Valéria Kumizaki

Personal information
- Born: 15 April 1985 (age 41)

Sport
- Country: Brazil
- Sport: Karate
- Weight class: 55 kg
- Event: Kumite

Medal record
Women's karate
Representing Brazil
World Championships
| Silver medal – second place | 2016 Linz | Kumite -55 kg |
Pan American Games
| Gold medal – first place | 2015 Toronto | Kumite -55 kg |
| Gold medal – first place | 2019 Lima | Kumite -55 kg |
| Silver medal – second place | 2007 Rio de Janeiro | Kumite -53 kg |
| Bronze medal – third place | 2011 Guadalajara | Kumite -55 kg |
World Games
| Gold medal – first place | 2017 Wrocław | Kumite -55 kg |
South American Games
| Gold medal – first place | 2018 Cochabamba | Kumite -55 kg |
| Silver medal – second place | 2010 Medellín | Kumite -55 kg |
| Bronze medal – third place | 2010 Medellín | Team kumite |
| Bronze medal – third place | 2014 Santiago | Kumite -55 kg |
| Bronze medal – third place | 2022 Asunción | Kumite -55 kg |

= Valéria Kumizaki =

Brazilian karateka (born 1985)

Valéria Kumizaki (born 15 April 1985) is a Brazilian karateka. She won the silver medal in the women's kumite 55 kg event at the 2016 World Karate Championships held in Linz, Austria. She is also a two-time gold medalist in her event at the Pan American Games.

== Career ==

Kumizaki won the gold medal in the women's kumite 55 kg event at the 2014 Pan American Sports Festival held in Tlaxcala, Mexico. In 2017, at the World Games held in Wrocław, Poland, she won the gold medal in the women's kumite -55 kg event. In the final, she defeated Wen Tzu-yun of Taiwan.
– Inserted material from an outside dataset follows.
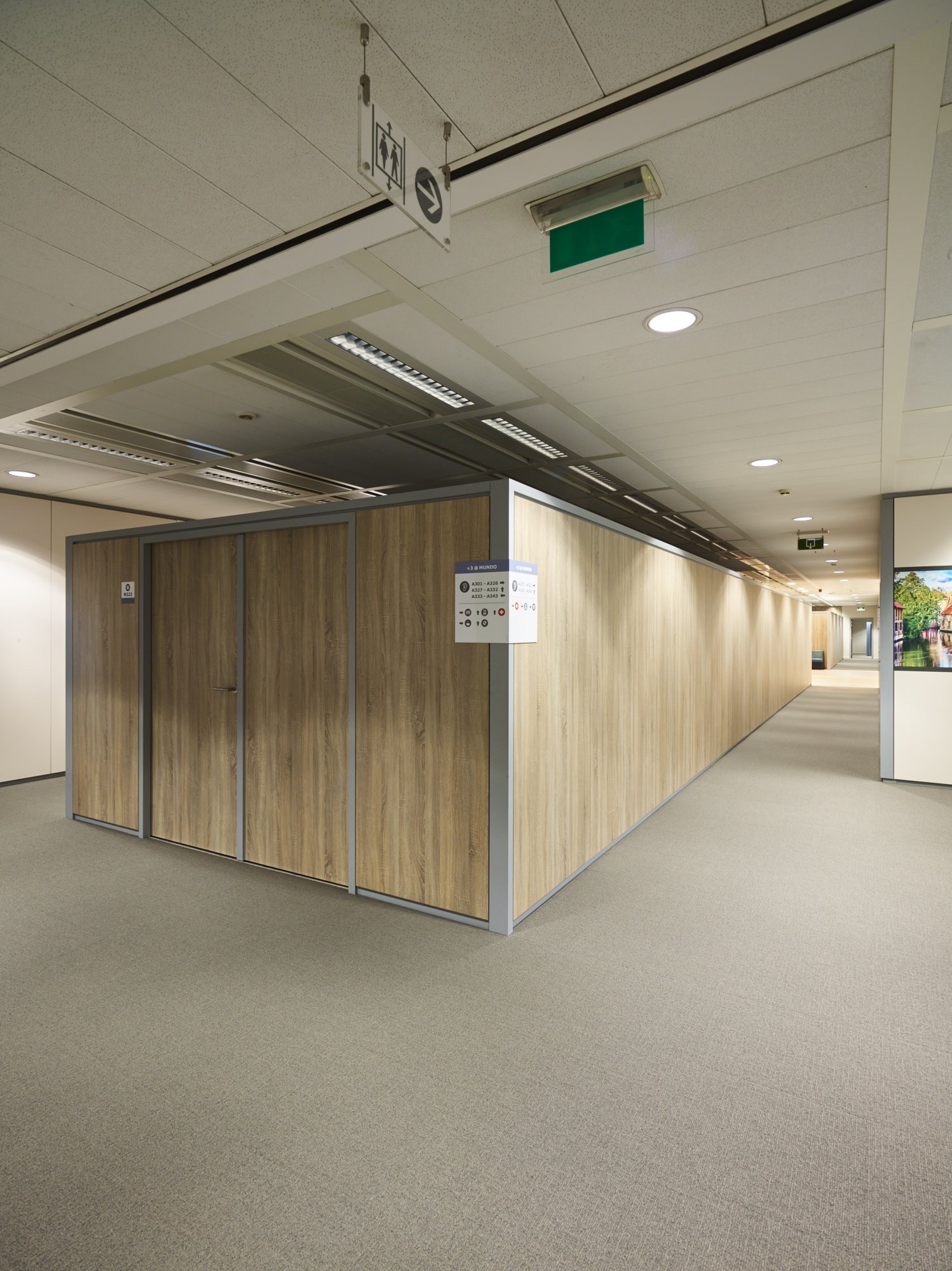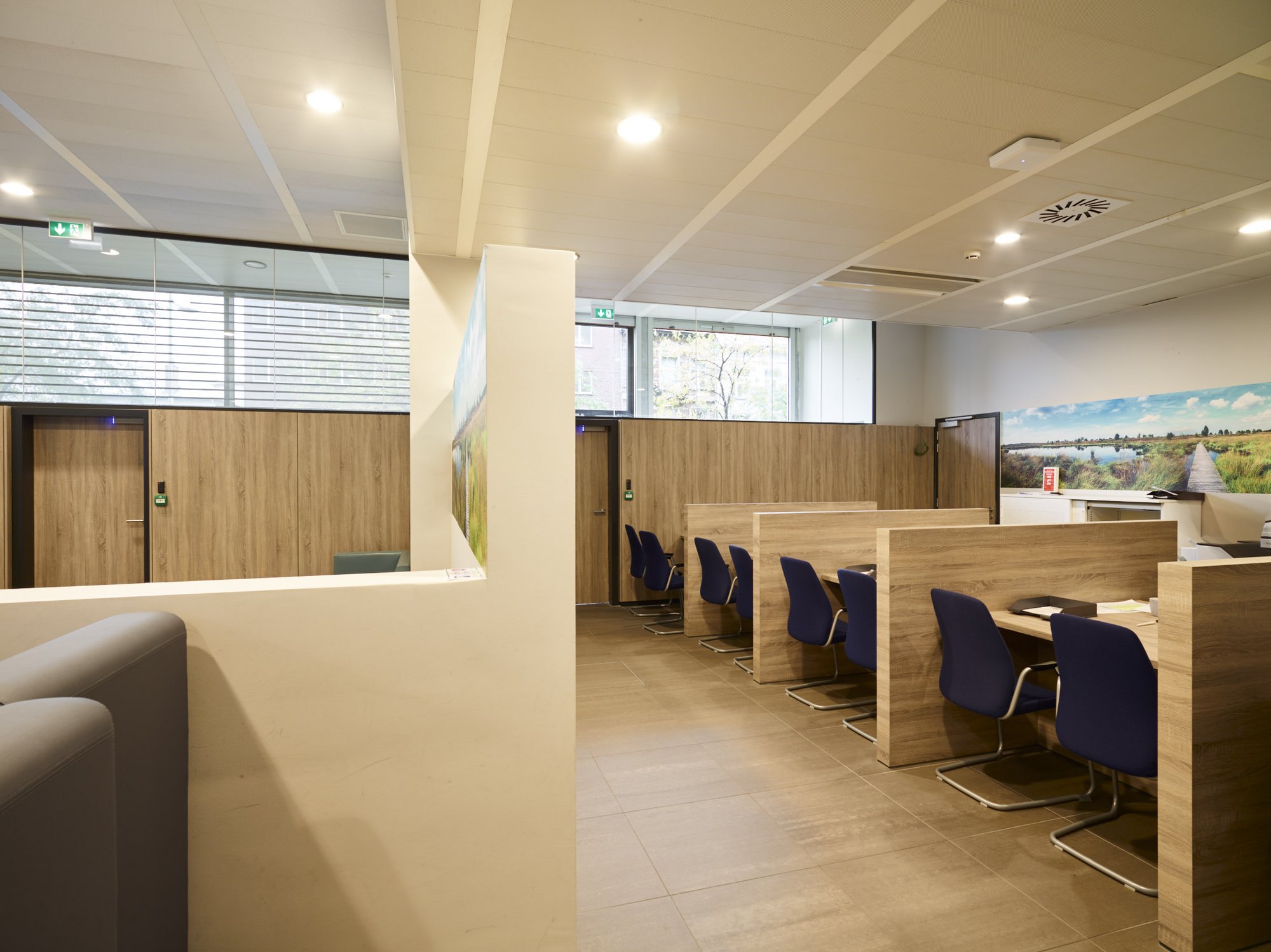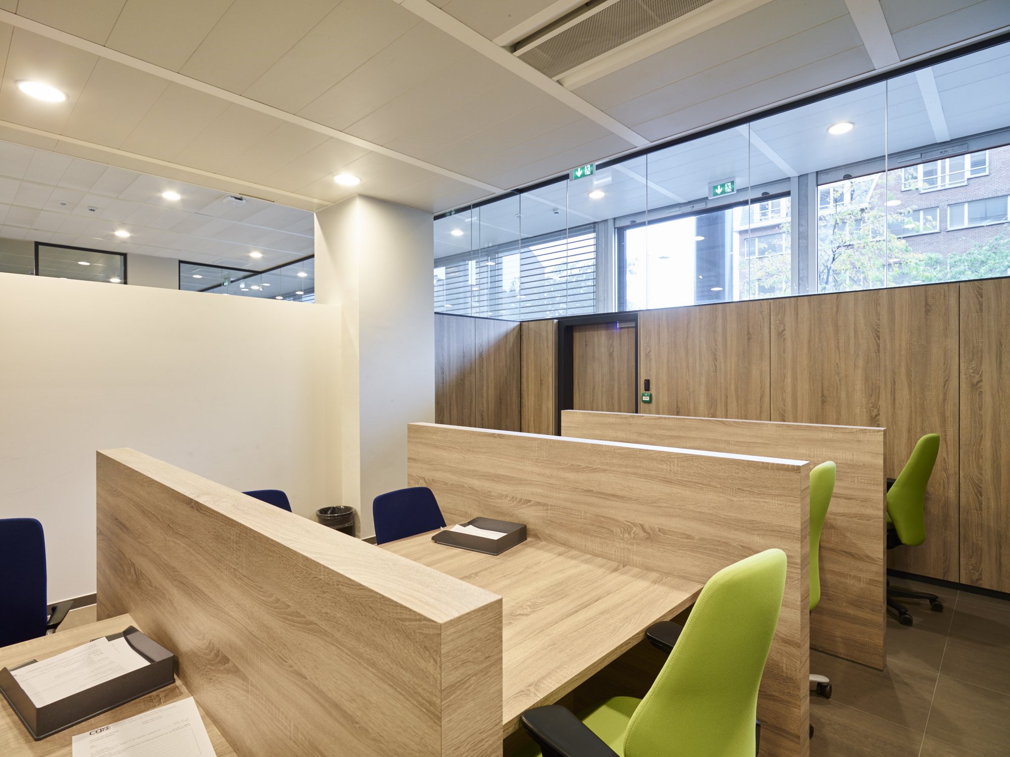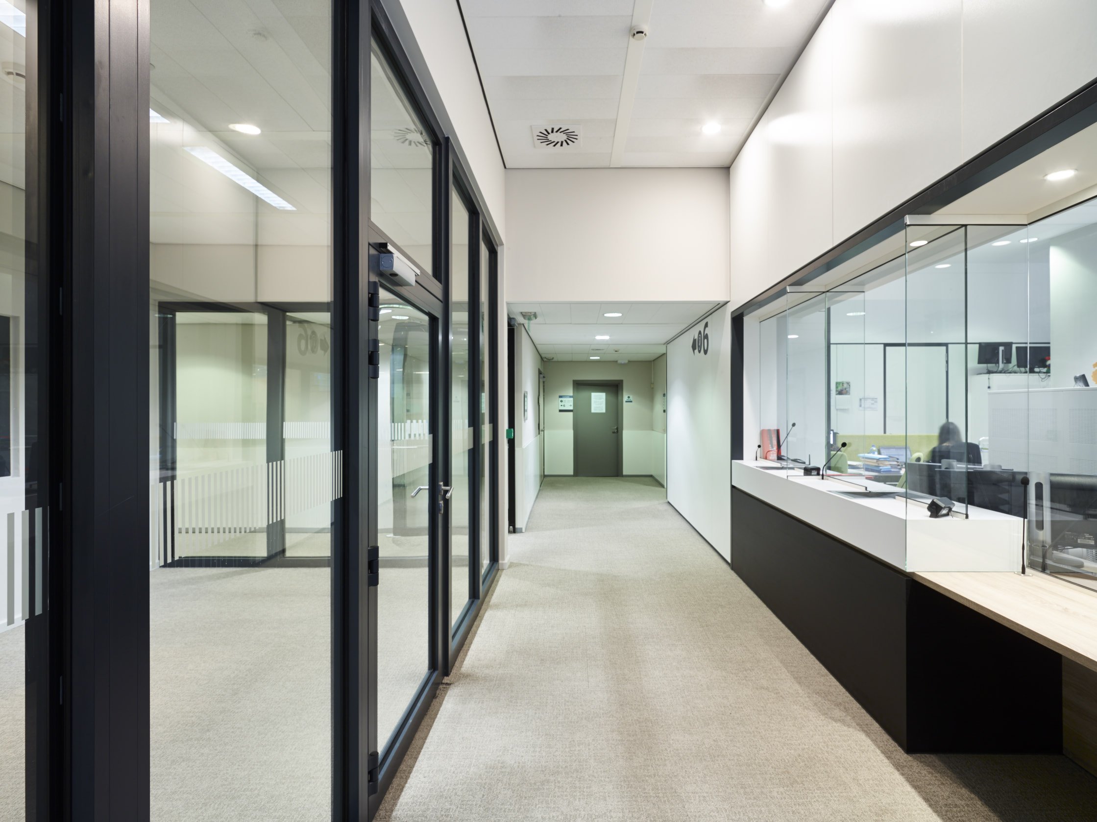 Totaalafwerking met verhoogde vloeren, zonwering, schilderwerken, vloerbekleding (tapijt en tegels), branddetectie, toegangscontrole, elektriciteit, databekabeling, HVAC, sanitair,

In 2019, Kumizaki won the gold medal in the women's kumite -55 kg event at the Pan American Games held in Lima, Peru. She also won the gold medal in this event at the 2015 Pan American Games held in Toronto, Canada. In both events, Kathryn Campbell of Canada won the silver medal.

In June 2021, Kumizaki competed at the World Olympic Qualification Tournament held in Paris, France hoping to qualify for the 2020 Summer Olympics in Tokyo, Japan. She was eliminated in her third match by Ivet Goranova of Bulgaria. In November 2021, Kumizaki competed in the women's 55 kg event at the World Karate Championships held in Dubai, United Arab Emirates.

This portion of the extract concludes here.